#### DATA SEGMENT:
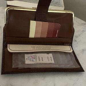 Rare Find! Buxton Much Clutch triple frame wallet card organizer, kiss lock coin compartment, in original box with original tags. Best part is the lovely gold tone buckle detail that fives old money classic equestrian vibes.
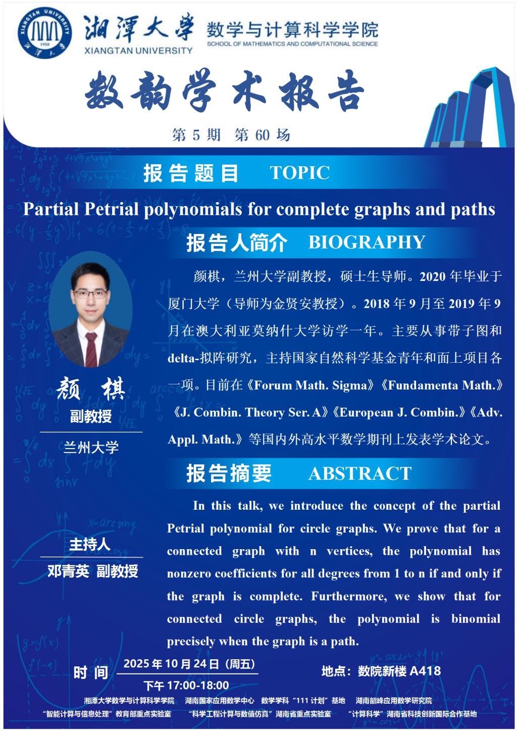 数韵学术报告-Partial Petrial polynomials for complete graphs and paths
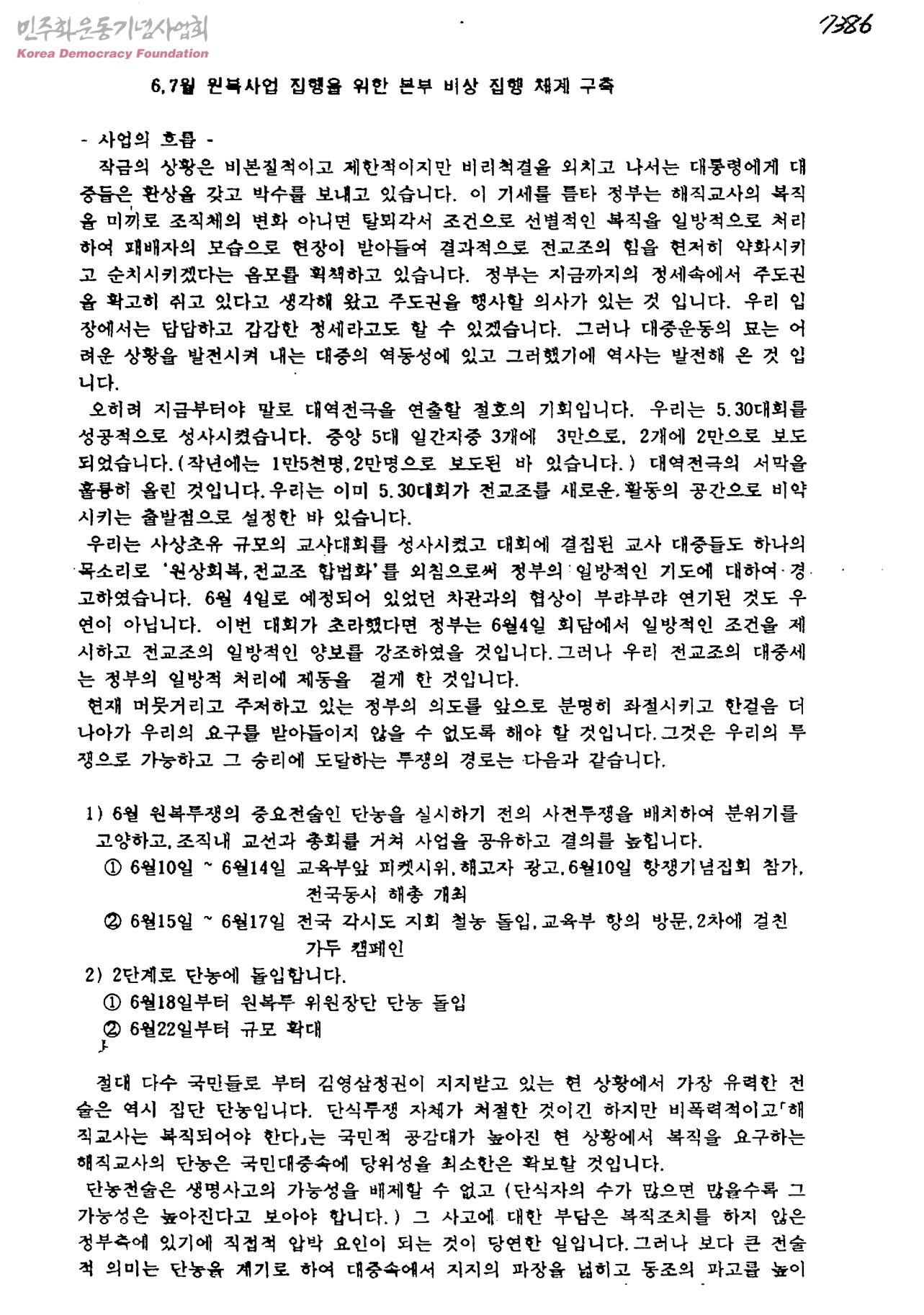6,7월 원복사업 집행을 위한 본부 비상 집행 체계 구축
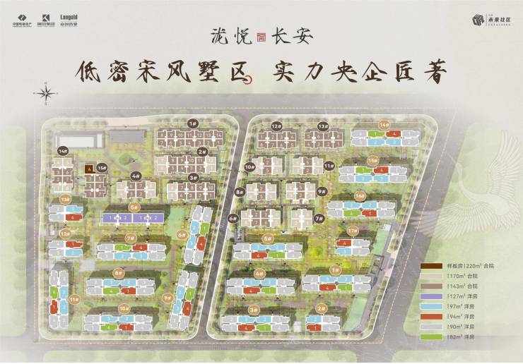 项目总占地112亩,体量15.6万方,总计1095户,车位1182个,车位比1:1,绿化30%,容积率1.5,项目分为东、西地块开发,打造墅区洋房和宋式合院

#### TASK TO COMPLETE:
What you return must match the material above exactly, apart from its pictures.

#### EXPECTED ANSWER:
 Rare Find! Buxton Much Clutch triple frame wallet card organizer, kiss lock coin compartment, in original box with original tags. Best part is the lovely gold tone buckle detail that fives old money classic equestrian vibes.
 数韵学术报告-Partial Petrial polynomials for complete graphs and paths
6,7월 원복사업 집행을 위한 본부 비상 집행 체계 구축
 项目总占地112亩,体量15.6万方,总计1095户,车位1182个,车位比1:1,绿化30%,容积率1.5,项目分为东、西地块开发,打造墅区洋房和宋式合院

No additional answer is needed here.